STAT 39000: Project 15 — Fall 2020

Motivation: We’ve done a lot of work with SQL this semester. Let’s review concepts in this project and mix and match R and SQL to solve data-driven problems.

Context: In this project, we will reinforce topics you’ve already learned, with a focus on SQL.

Scope: SQL, sqlite, R

Learning objectives
  • Write and run SQL queries in sqlite on real-world data.

  • Use SQL from within R.


The following questions will use the dataset found in Scholar:


F.R.I.E.N.D.S is a popular tv show. They have an interesting naming convention for the names of their episodes. They all begin with the text "The One …​". There are 6 primary characters in the show: Chandler, Joey, Monica, Phoebe, Rachel, and Ross. Let’s use SQL and R to take a look at how many times each characters' names appear in the title of the episodes.


Question 1

Write a query that gets the episode_title_id, primary_title, rating, and votes, of all of the episodes of Friends (title_id is tt0108778).

You can slightly modify the solution to question (5) in project 13.

Items to submit
  • SQL query used to answer the question.

  • First 5 results of the query.

Question 2

Now that you have a working query, connect to the database and run the query to get the data into an R data frame.
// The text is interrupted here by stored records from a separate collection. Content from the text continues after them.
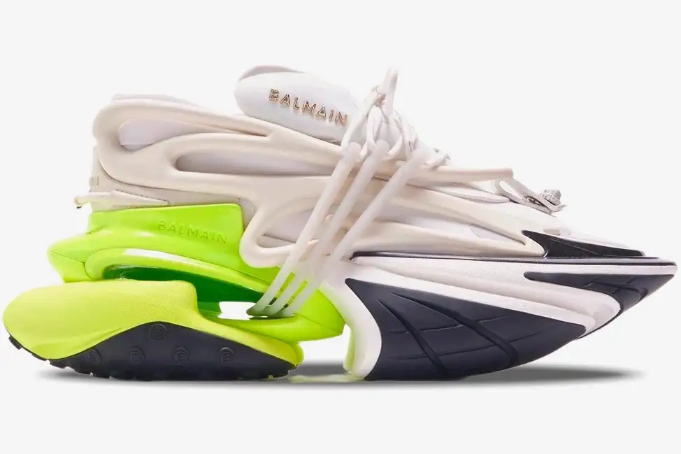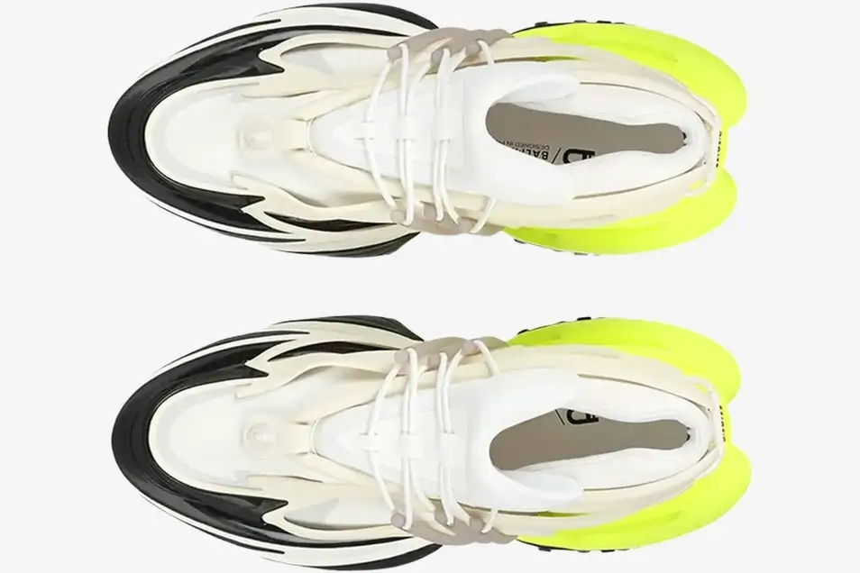 The Balmain Unicorn Low Top in White and Neon Yellow redefines luxury footwear through its aggressive, aerodynamic architecture. This specific colorway pairs a crisp white base with vibrant neon accents to highlight the complex, multi-layered construction. It caters to the modern collector who demands a fusion of high-fashion aesthetics and technical sportswear elements. The silhouette represents a bold leap into futuristic design while maintaining the sophisticated DNA of the historic French house.
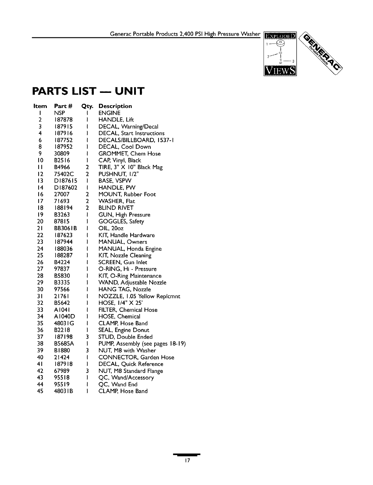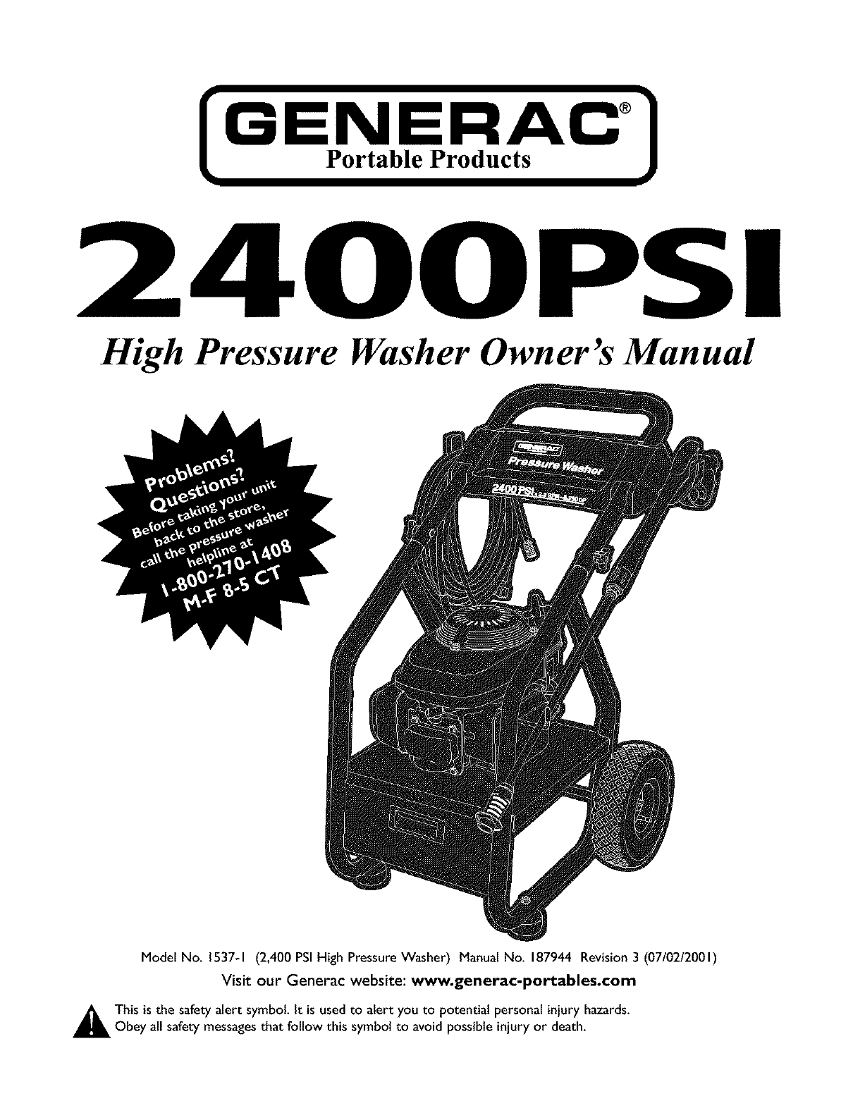 Model No. 1537-1 (2,400 PSI High Pressure Washer) Manual No. 187944 Revision 3 (07/02/2001)
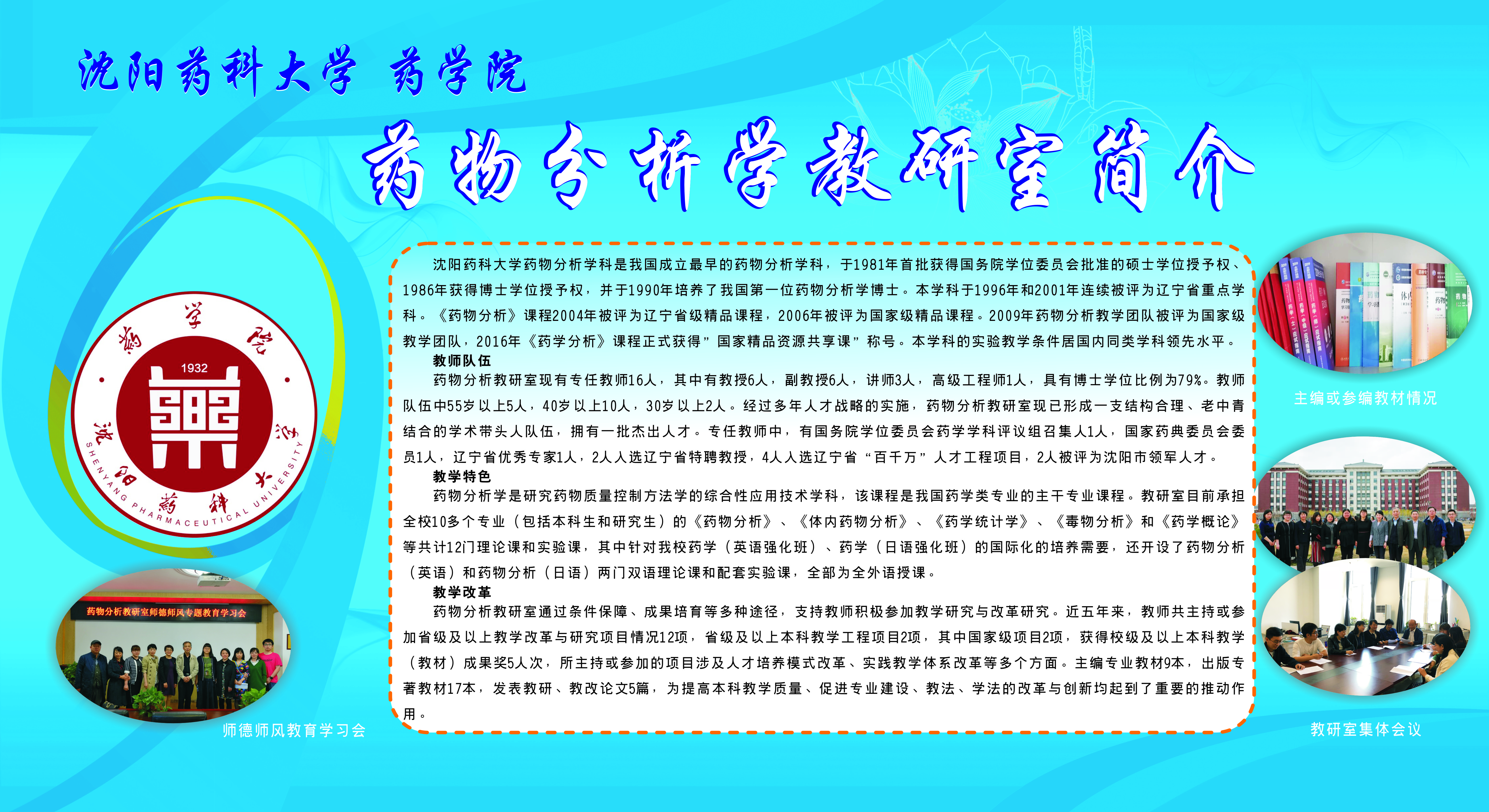 是我国最早成立的药物分析学科,分别于1984年和1986年被国务院学位委员会批准为硕士学位和博士学位授予点,培养了我国药物分析学专业的首批硕士和博士,于1996年、2001年和2007年连续被辽宁省教育厅评为辽宁省重点学科。本学科现有在职博士生导师13人,硕士生导师28人。有国家和省重点实验室4个、省级工程技术中心2个、省级分析技术服务中心1个,拥有专业实验室面积3000多平方米,具有超导核磁共振仪、液相色谱-质谱联用仪等国际先进水平的各种仪器设备。本学科的“药物分析开放实验室”是中央与地方共建高校特色实验室,主干课程“药物分析” 和“分析化学”都是国家精品课程,药物分析教学团队是国家教学团队。本学科研究生的培养目标是:培养德智体全面发展的本学科高层次专门人才,掌握药物分析学的基础理论和专门知识,了解药物分析研究的前沿与发展趋势,能应用本学科的理论、方法和技术,解决药物研发、生产和使用过程中的药品质量控制问题,能熟练地运用一至二种外国语阅读本专业的外文资料,初步具备写外文论文及进行口头报告的能力,能在高等公司、科研院所和有关药品生产和监督部门从事本专业或相关专业的教学、科研或技术管理工作。
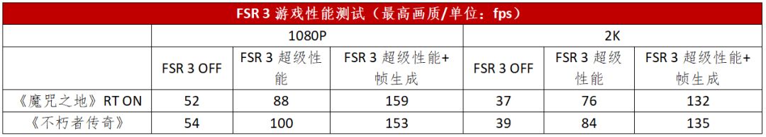 接下來,我們在支持FSR 3的兩款遊戲《魔咒之地》和《不朽者傳奇》中進行了測試。在1080P分辨率下,《魔咒之地》《不朽者傳奇》兩款遊戲的FSR 3+幀生成的幀率提升分別爲206%、183%。在2K分辨率下,《魔咒之地》打開FSR 3超級性能模式後幀率從37fps提升到了76fps,打開幀生成之後幀率暴漲至132fps,相比原生分辨率提升了206%。《不朽者傳奇》的FSR 3超級性能模式爲84fps,打開幀生成之後的幀率達到了135fps,相比原生分辨率提升了246%,性能提升巨大。
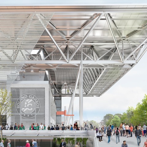 The Roland Garros tournament site is located in the heart of the Ile-de-France metropolis, between dense city and nature, among the Bois de Boulogne, Paris and Boulogne-Billancourt. The new roofing on the Suzanne Lenglen Court aims to fit into this context with precision. It is not only a question of building a retractable roof, but also of proposing a large-scale architectural ensemble whose silhouette interact with the existing building as well as with its surrounding environment.
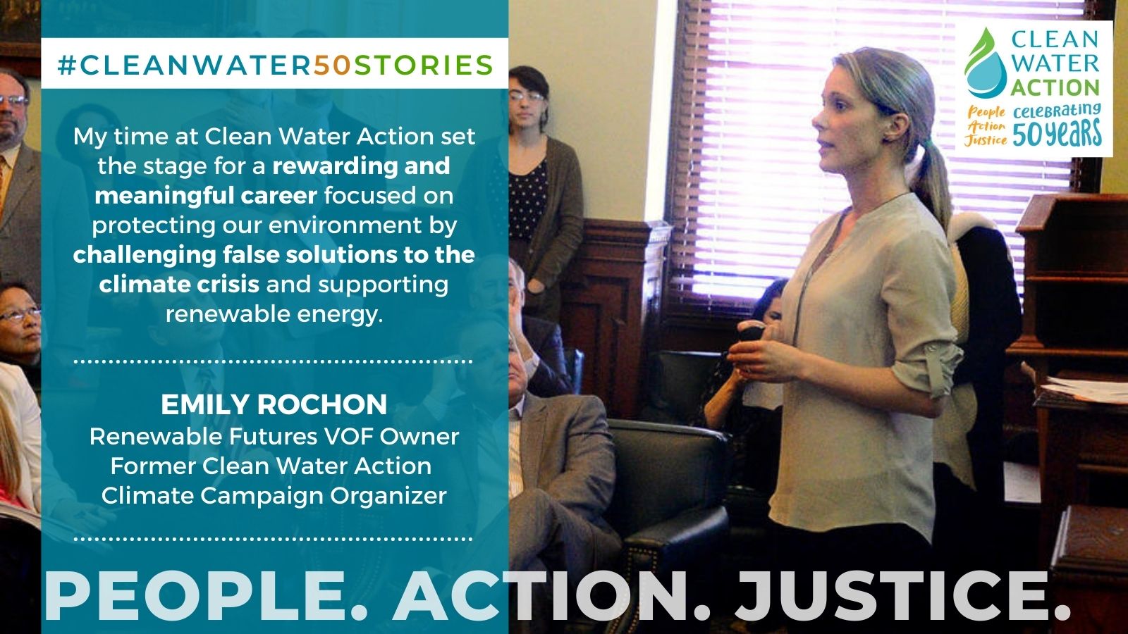 Meet Emily Rochon, a true force of nature helping to lead the way for a clean energy future. Emily has played important roles in the clean energy industry, advancing solar and offshore wind projects -- and she got her start as a climate organizer for Clean Water Action in Rhode Island. Emily's story is one of many we will feature throughout our 50th anniversary year, lifting up our history and the people along the way who have contributed to our legacy and created impact. Emily inspires us, and we bet she will you inspire you too!

In previous projects, we learned how to used regular expressions to search for text. For each character, how many episodes `primary_title`s contained their name?

Items to submit
  • R code in a code chunk that was used to find the solution.

  • The solution pasted below the code chunk.

Question 3

Create a graphic showing our results in (2) using your favorite package. Make sure the plot has a good title, x-label, y-label, and try to incorporate some of the following colors: #273c8b, #bd253a, #016f7c, #f56934, #016c5a, #9055b1, #eaab37.

Items to submit
  • The R code used to generate the graphic.

  • The graphic in a png or jpg/jpeg format.

Question 4

Now we will turn our focus to other information in the database. Use a combination of SQL and R to find which of the following 3 genres has the highest average rating for movies (see type column from titles table): Romance, Comedy, Animation. In the titles table, you can find the genres in the genres column. There may be some overlap (i.e. a movie may have more than one genre), this is ok.

To query rows which have the genre Action as one of its genres:

SELECT * FROM titles WHERE genres LIKE '%action%';
Items to submit
  • Any code you used to solve the problem in a code chunk.

  • The average rating of each of the genres listed for movies.

Question 5

Write a function called top_episode in R which accepts the path to the imdb.db database, as well as the title_id of a tv series (for example, "tt0108778" or "tt1266020"), and returns the season_number, episode_number, primary_title, and rating of the highest rated episode in the series. Test it out on some of your favorite series, and share the results.

Items to submit
  • Any code you used to solve the problem in a code chunk.

  • The results for at least 3 of your favorite tv series.